Launch HN: General Instinct (YC P26) – Frontier models on edge devices

BoorishBears · 2026-06-05T18:14:49 1780683289

I like the technique described here around distillation to recover from quantization, but I don't understand why we keep performing lossy compression on LLMs then using benchmarks that were nearly saturated before post-training to measure the effects.

You could erase the gains from literally half the compute going into some of these recent models and barely make a dent in MMLU-Pro and GPQA-D.

rdksu · 2026-06-05T18:28:00 1780684080

Have you run ablations on the actual effect/impact of on-policy distillation on contributing to the performance ? Just Curious ! As Unsloth based mixed quantisation methods on MoE models are widely used with great community rep.
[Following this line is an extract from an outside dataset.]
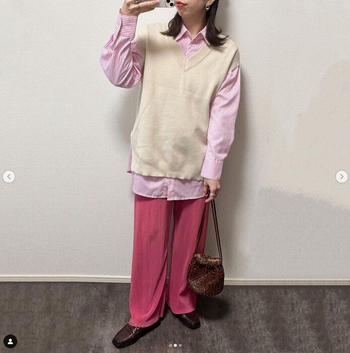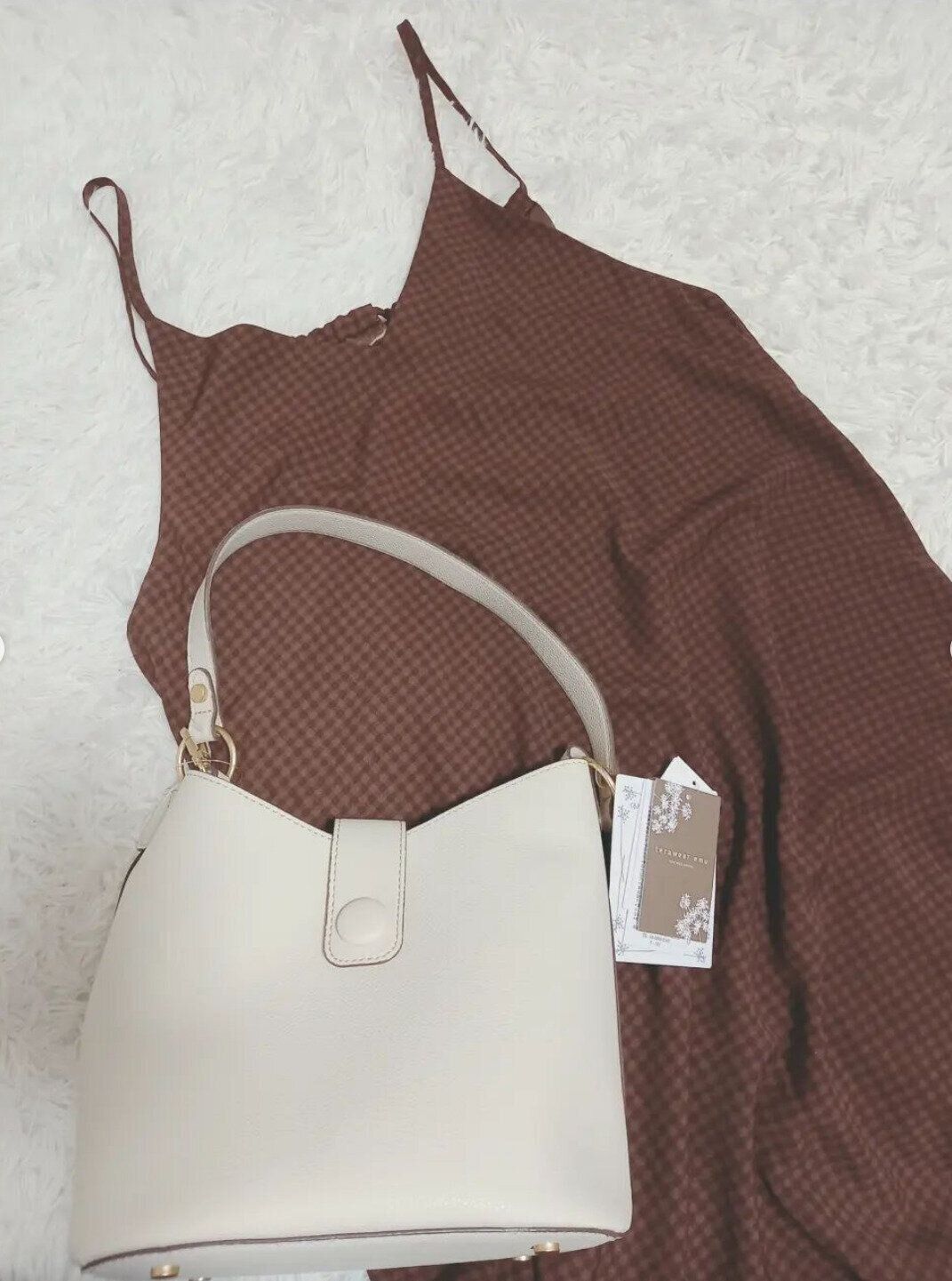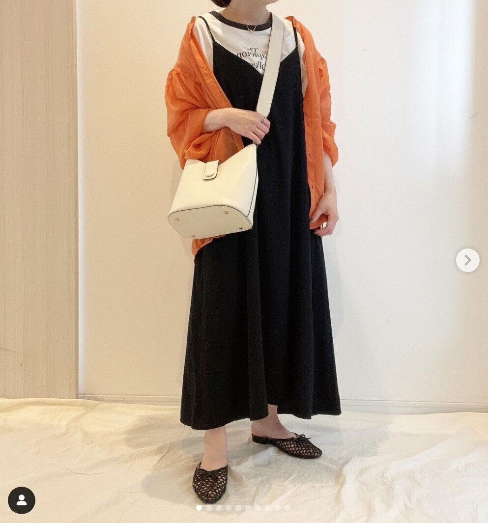 おふじさんはしまむらの69周年記念に行われた大創業祭でこちらのアイテムをGET!インスタで人気のインフルエンサーTERAさんとのコラボ商品「terawear emu」のキャミワンピースで、オフホワイトのバッグとも相性抜群ですよね。

VikRubenfeld · 2026-06-05T16:50:37 1780678237

You've likely heard about this - he'd probably like to talk to you and might potentially give you some good PR.

https://www.youtube.com/watch?v=rAzT5lcezPs&t=467s

smokel · 2026-06-05T17:29:11 1780680551

For those too lazy to watch someone talk on video for ages to make a point:

The link is to a famous YouTuber called PewDiePie and he uses a local LLM to parse his email, to save time with that. They have an autoreply system and get notified about urgent matters.

guanming0717 · 2026-06-05T16:59:04 1780678744

Thanks for sharing! I'd love to chat with him. Would you be open to introducing us? :)

XenophileJKO · 2026-06-05T17:34:33 1780680873

I'm still kind of surprised that people are targeting edge deployment of MoE models. By definition they optimize for computation cost at the expense of memory efficiency. We generally need the opposite on the edge.

I'm hoping to see more work in the other direction with cyclic/looped transformers and other memory dense approaches.

rohansood15 · 2026-06-05T17:40:34 1780681234

Have you benchmarked against other 3-bit dynamic quants like Unsloth? I am sorry but this framing against a full precision, newer, smaller MoE just seems misleading. Also, Gemma-4-26B-A4B is not the SOTA for edge. Even at launch, that would be the 31B.

guanming0717 · 2026-06-05T17:44:31 1780681471

Yes I did, with other SOTA quant methods like HQQ, AWQ etc. You can find more info in our blog :) https://general-instinct.com/blog/frontier-moe-sub-4-bit

rohansood15 · 2026-06-05T17:58:55 1780682335

I can't find it. Can you state your performance versus comparable 3-bit quantization from Unsloth/Bartowski? Edit: I appreciate that you seem to have open-sourced the quantization pipeline. This is not to question your work, but to understand where the outputs stand relative to the SoTA for quantization.